I was born later, (no offence Ingélou) but in my time the 1990 it was the same it's only now that I see a bit movement towards it.
The attenders to the MET Live transmission in my city changed that drastic in the years I am attending. So, there is still hope.


----------



## mountmccabe (May 1, 2013)

I have a good number of friends and acquaintances that are fans of more pop/rock-oriented music, generally liking a wide variety of such music. A small minority expressed some interest/showed some knowledge of classical music. Scattered few are opera fans.

Some that liked experimental music had some cross-over with modern classical and opera; I know a good number saw _Einstein on the Beach_ as it toured a few years ago (though I have a hard time calling that modern anymore). There were a few other points of entry such as this, but in my opinion the general contempt from most general opera goers for modern opera and the general opinion (in the culture as a whole) of opera as old-fashioned and dead has combined such that few were inspired to explore other opera.

For a long time I was in a similar position; I was listening to a wide range of music, including a lot of classical works. I tended to focus on 20th century composers, many of whom were ignored by the local symphony and other organizations. I didn't see attending the symphony as much of a thing, because they didn't play what I was most excited to hear. Of course I liked Beethoven and so on, but I didn't feel the need to attend performances of his symphonies yearly. [Similarly, I listened to a lot of popular styles, but I didn't attend shows for everyone]. So I'd occasionally go to the symphony, when I found out they were playing Martinů or some such.

Attending the opera was similar, but even more extreme. Arizona Opera had a season of 5 operas per year. There was some variety and certainly many operas I would have enjoyed, but their repertoire is mostly classic works that appeal to long-time, dedicated opera fans (that want to see the classic works over and over) and those new to opera (and have not already seen _Carmen_ and _Le nozze di Figaro_ many times over).

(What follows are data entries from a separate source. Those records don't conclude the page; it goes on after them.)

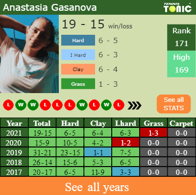 Gasanova has a composed 19-15 win-loss record in 2021, 6-5 on hard (See FULL STATS).
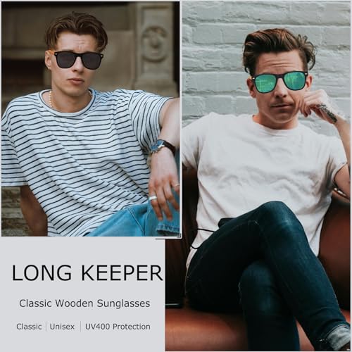 Long Keeper Wood Sunglasses for Men Women traditional Black Sunglasses Wooden Arms Mirrored Dark Shades 80's Retro Sun Glasses
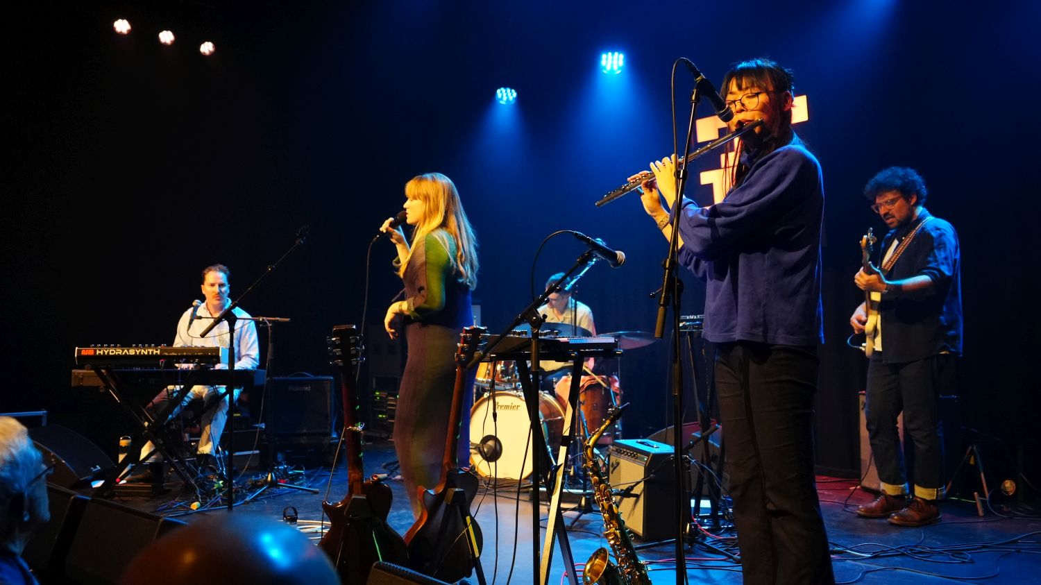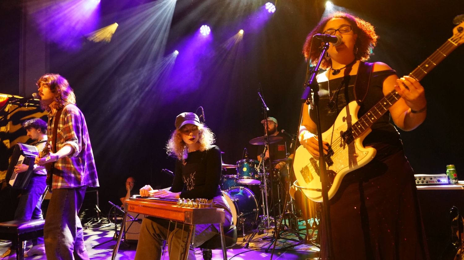 Mit der Spiritualität war es dann allerdings schnell vorbei, als es darum ging, sich einen Weg durch das dicht gedrängte Publikum im kleinen Saal zu bahnen, um noch einen Platz vor der Bühne des kanadischen Ensembles Horsebath im Foyer zu ergattern – das mit etlichen Vorschusslorbeeren angereist ist – und dem Gerücht, dass Sierra Ferrell einen Gastauftritt beim Set des Quintetts haben sollte (was sich aber nicht bewahrheitete). Mit ihrem Retro-60s-Psychedelia-Gitarrenpop-Sound liefen sie bei den Traditionalisten im Publikum natürlich offene Türen ein. Wie ihre berühmten Vorreiter von The Band (nicht zufällig ebenfalls eine ursprünglich kanadische Truppe) wechselten sich die drei Lead-Sänger (Daniel Connolly, Keast & Dagen Mutter), munter ab und übernahmen dabei dann auch jeweils den Gitarrenpart – mal mehr oder weniger psychedelisch und zuweilen gar mit Country-, Honky-Tonk- und Tex-Mex-Elementen bis hin zur Polka flirtend. Das war dann alles schön und gut – aber auf die Dauer dann doch etwas viel des Guten. Den Fans schien das aber zu gefallen, denn hier gab es dann auch für die älteren Semester mal etwas zum Abhotten.
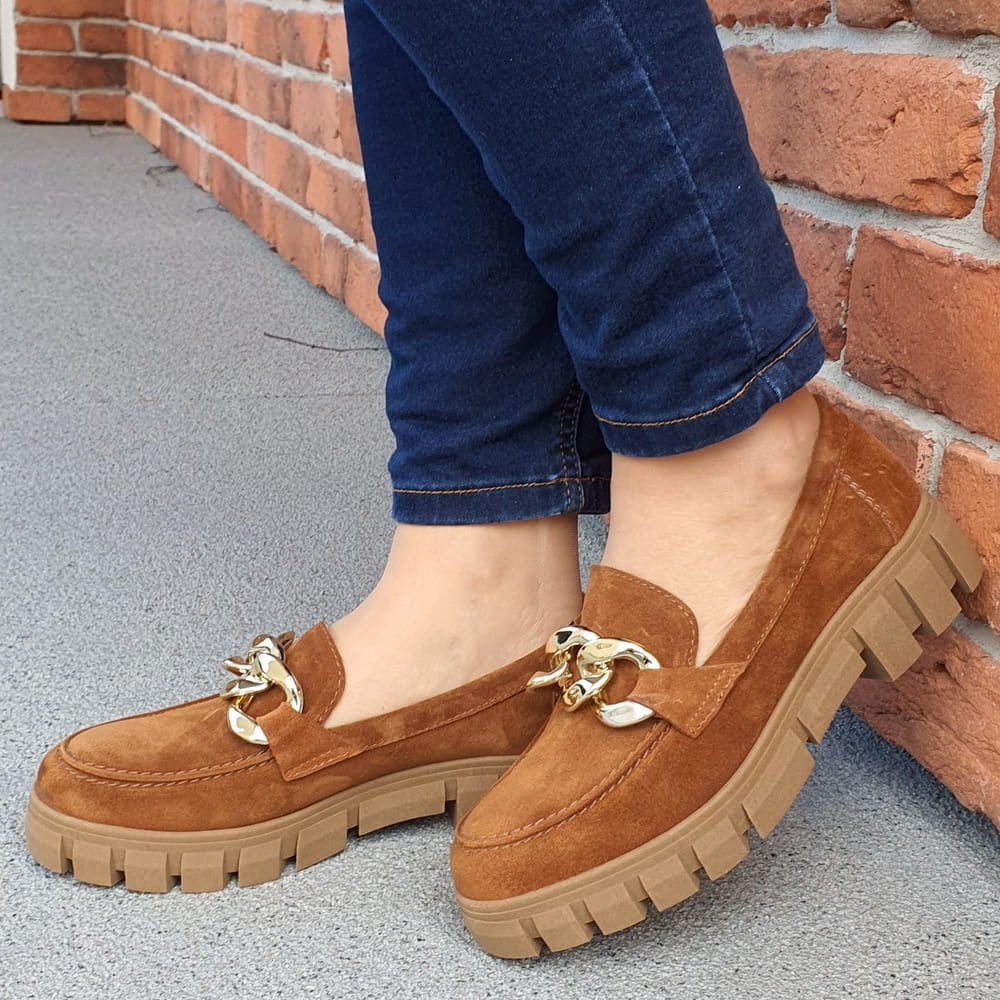 Mokasyny na grubym spodzie rude skóra welur Nessi 23085

So I was listening to Barber, Bartók, and Berg, but I had no chances to see any of it on stage. I tried to get family, etc. interested in seeing _Der fliegende Holländer_ but to no avail (and I didn't go on my own). It was _Nixon in China_ that finally got me to go to the Met Live in HD broadcasts. And after I moved to NYC it was _Satyagraha_ that got me to go to the Met. Those two performances were strong enough that I went back to the Met a few times (via rush and lottery tickets) just to see what else opera could do. I saw a terrible _Faust_, but an electrifying _La fille du régiment_, and the impression of the latter was stronger.


----------



## Sloe (May 9, 2014)

It should be popular among middle aged people were else can middle aged people play teenagers and nobody think it is disturbing?


----------



## Ingélou (Feb 10, 2013)

Sloe said:


> It should be popular among middle aged people were else can middle aged people play teenagers and nobody think it is disturbing?


But don't forget it's pretty depressing for an older person to watch someone pretending to be young & not fooling anyone.


----------



## Sloe (May 9, 2014)

Ingélou said:


> But don't forget it's pretty depressing for an older person to watch someone pretending to be young & not fooling anyone.


If they can act well and sing beautiful the suspension of disbelief can be released.


----------



## Bellinilover (Jul 24, 2013)

interestedin said:


> My impression is that when I visit large opera houses in bigger cities, the audience is more diverse. Whereas in smaller theaters I often feel I am the only one younger than 70.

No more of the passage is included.